秦照微看他:“拿救命药换粮,日后病人死了,谁记账?”
邵衡沉默片刻。
李明昭道:“写上。医棚急症药不得用于商路折换。若需调药换粮,须秦照微与我共同押记。”
秦照微看了她一眼,没说谢。
只道:“这样可行。”
第三条,逃人上船。
沈砚山读到这里时,屋里明显静了些。
“凡白水册上逃人、逃女、逃灶户、无籍孩童,若需走船转移,须经人账、医棚或盐账核验。黑水湾、白水水路不得私自转卖、抵债、换佣。途中若需改名,旧名入暗册,新名入随船册。”
静娘的手指微微一颤。
乌娘也不笑了。
黄照沉声道:“若船上有人临时带逃人呢?”
李明昭道:“可先救,后补册。但三日内必须入账。”
乌娘低声道:“水上有时三日都靠不了岸。”
“那就靠岸后第一时补。”
“若是怕入账的人?”
李明昭看向她。
“怕入官账的人,可以不写真名。但要有暗记。白水不是官府,不抓逃人回去。可不记,日后死了,便没人知道他是谁。”
乌娘沉默了。
静娘忽然抬起头,哑声道:“女工坊……愿记。”
众人都看向她。
她脸色白了白,却没有退。
“有些人不敢说旧名。可以先记新名。若以后想说,再补。”
李明昭点头:“写入新约。”
沈砚山提笔添上。
第四条,私盐收益。
黄照坐直了。
“黑水湾私盐若借白水暗路,不入明账,入盐路暗账。收益三分:一分归黑水湾行船,一分补白水粮仓,一分入盐户安置册。不得以私盐名义夹带人口。若夹带人口,整船断路。”
乌娘冷笑:“我就知道你们惦记私盐利。”
黄照道:“盐是盐户烧出来的。”
乌娘道:“也是黑水湾冒险运出来的。”
“所以分三份。
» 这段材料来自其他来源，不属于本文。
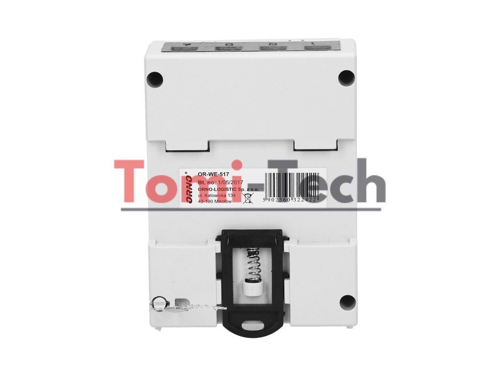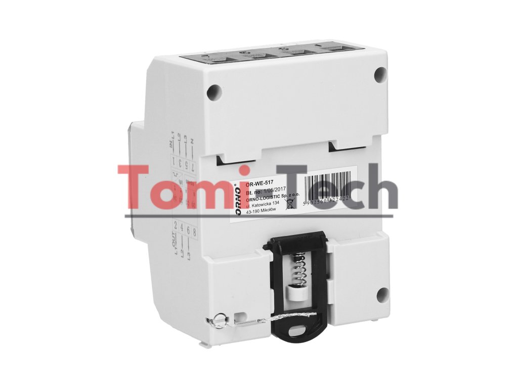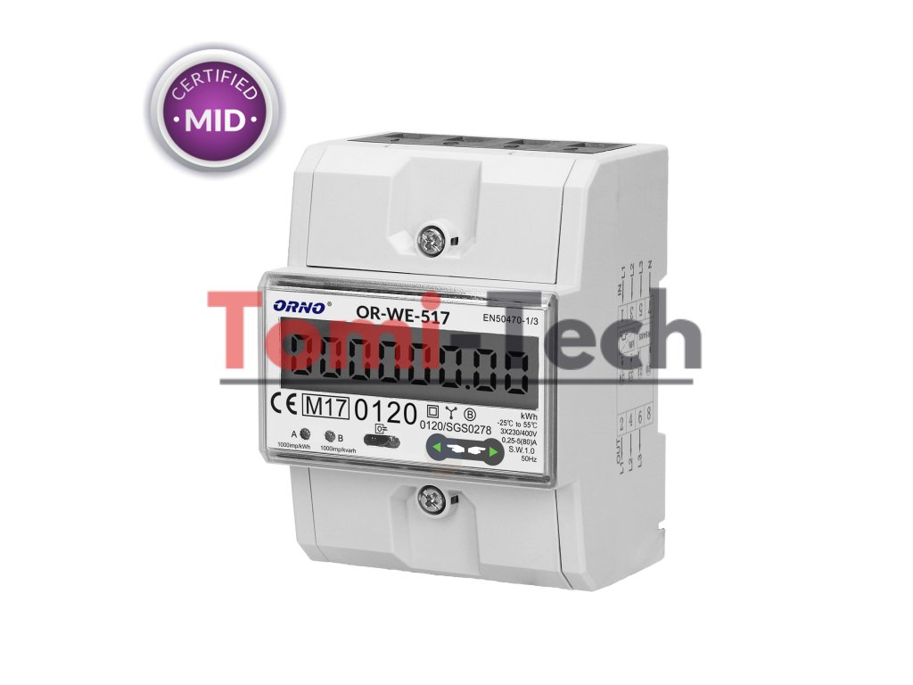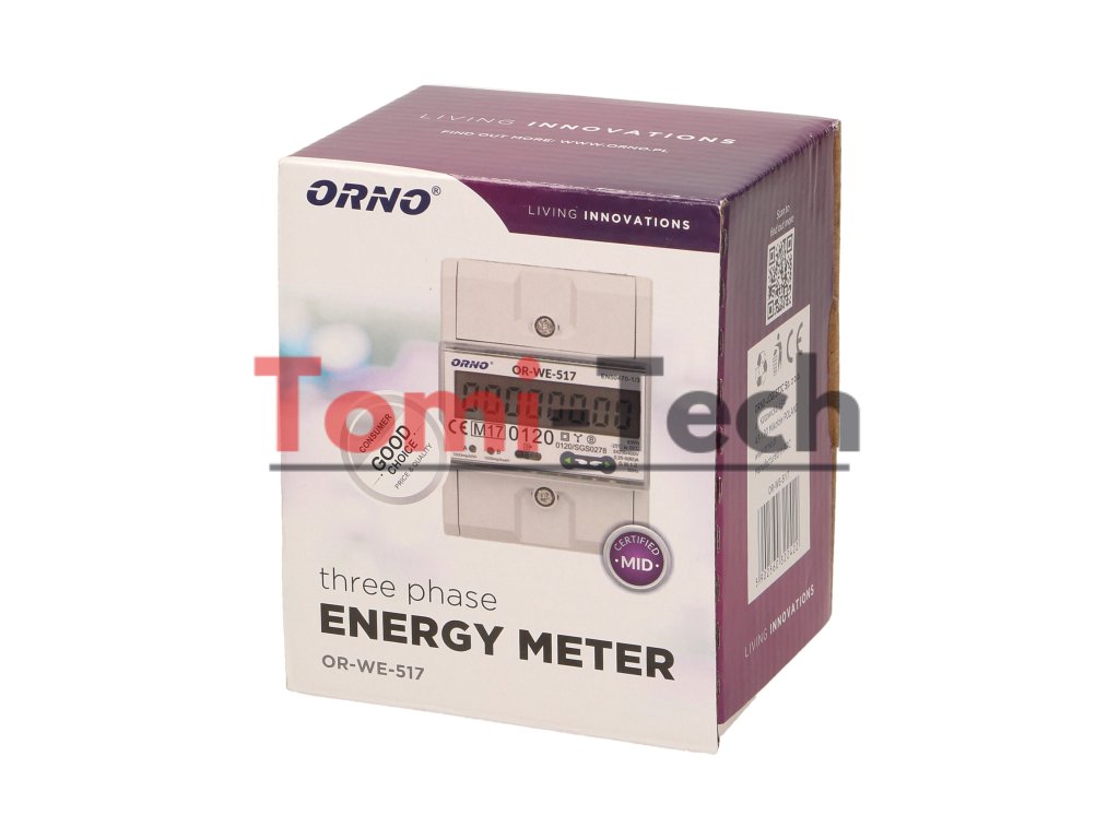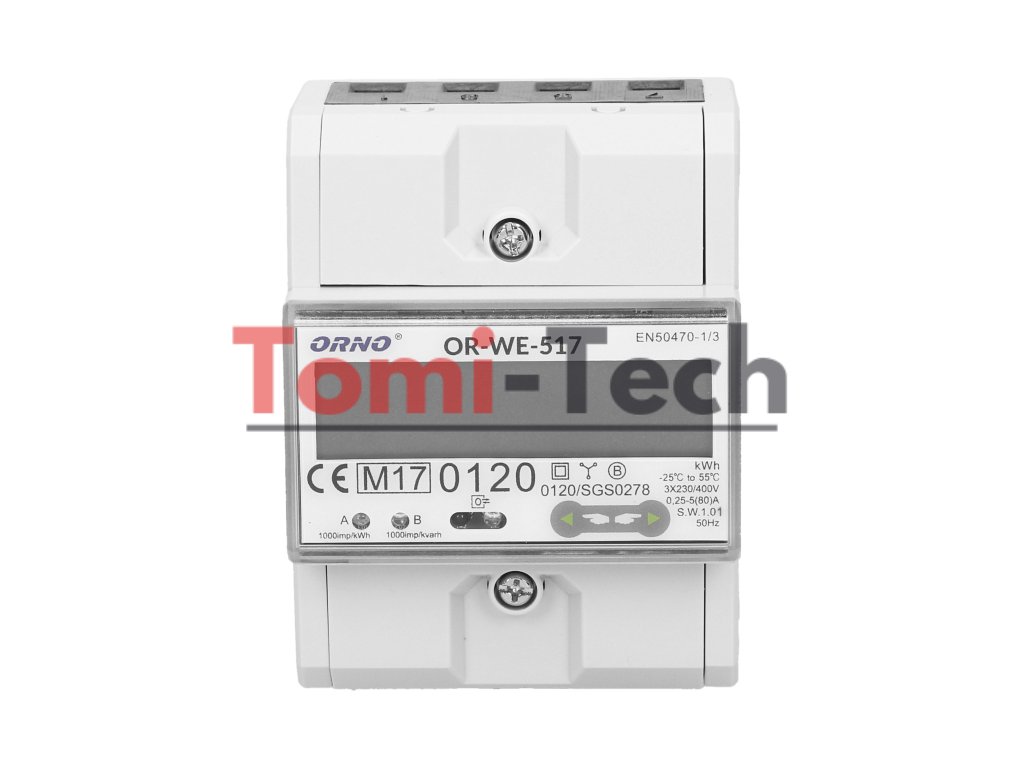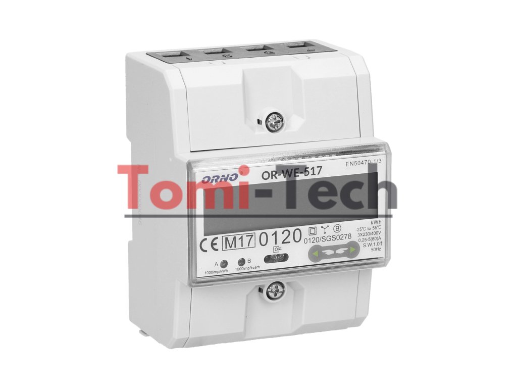 Toto zariadenie, ktoré meria hodnoty v metrických jednotkách (kWh), slúži na priame meranie činného výkonu v trojfázovom systéme a zaznamenávanie spotrebovanej elektriny s možnosťou diaľkového odčítania registrov skupiny indikátorov cez káblovú sieť RS485. Protokol: Modbus-RTU a 4 nezávislé tarify (používateľ si môže nastaviť rôzne časy cez port RS485). Vybavené IR optickým portom – spolupracuje s optickou hlavicou OR-WE-518. Špeciálny elektronický obvod pod vplyvom pretekajúceho prúdu a priloženého napätia generuje impulzy úmerné spotrebovanej elektrickej energii. Spotreba energie vo fáze je signalizovaná blikajúcou LED diódou. Počet impulzov sa prepočítava na spotrebovanú energiu a jeho hodnota sa zobrazuje na LCD (6+2) displeji. Napájanie: 230V~, 50Hz, základný prúd: 5A, max. prúd: 80A, min. prúd: 0,25A, frekvencia impulzov: 1000 impulzov/kWh, trieda presnosti B, trojmodulové puzdro, montáž na DIN lištu TH-35 mm. Meranie energie sa vykonáva v súlade s normami EN50470-1:2006, EN50470-3:2006 smernice MID 2014/32/EÚ.Dodatočné parametre

”李明昭道,“你得船利,白水补仓,盐户安置。没有谁全拿。”
乌娘盯着她:“若货被官府劫了?”
“按路簿查。若是黑水湾走漏,黑水湾赔;若是白水暗记出错,白水赔;若是官卡临检,双方共担。”
乌娘骂了一句:“真麻烦。”
陆沉舟懒懒道:“嫌麻烦是因为以前你想怎么吞就怎么吞。”
乌娘看他:“你想挨揍?”
李明昭敲了敲案面。
两人同时闭嘴。
第五条,女工坊抵粮。
静娘抬起头。
沈砚山读道:“女工坊所制药袋、粗布、驱虫香囊,可折抵口粮与布料。女工不得以人身抵债,不签卖身契。若女工坊产品由白水商路售出,所得三成归女工自存,三成补工坊,四成归义仓医棚耗用。”
静娘的眼睛慢慢睁大。
她像没想到,这一条会写得这样清楚。
秦照微道:“女工自存那三成,不得由亲属、牙婆或外人代领。”
李明昭点头:“写。”
乌娘看着静娘,忽然笑了一声。
“这小姑娘以后要成小掌柜。”
静娘脸红了一下,却仍低头抱紧布包。
第六条,背约之责。
“凡入白水新约者,得粮、药、船、路、工、债之利,也担相应风险。背约者,轻则断粮利、断船路、断药供;重则列入白水黑册,通告白水、黑水湾、义仓、医棚、女工坊及盐户,不再相助。”
邵衡低声道:“黑册太重。”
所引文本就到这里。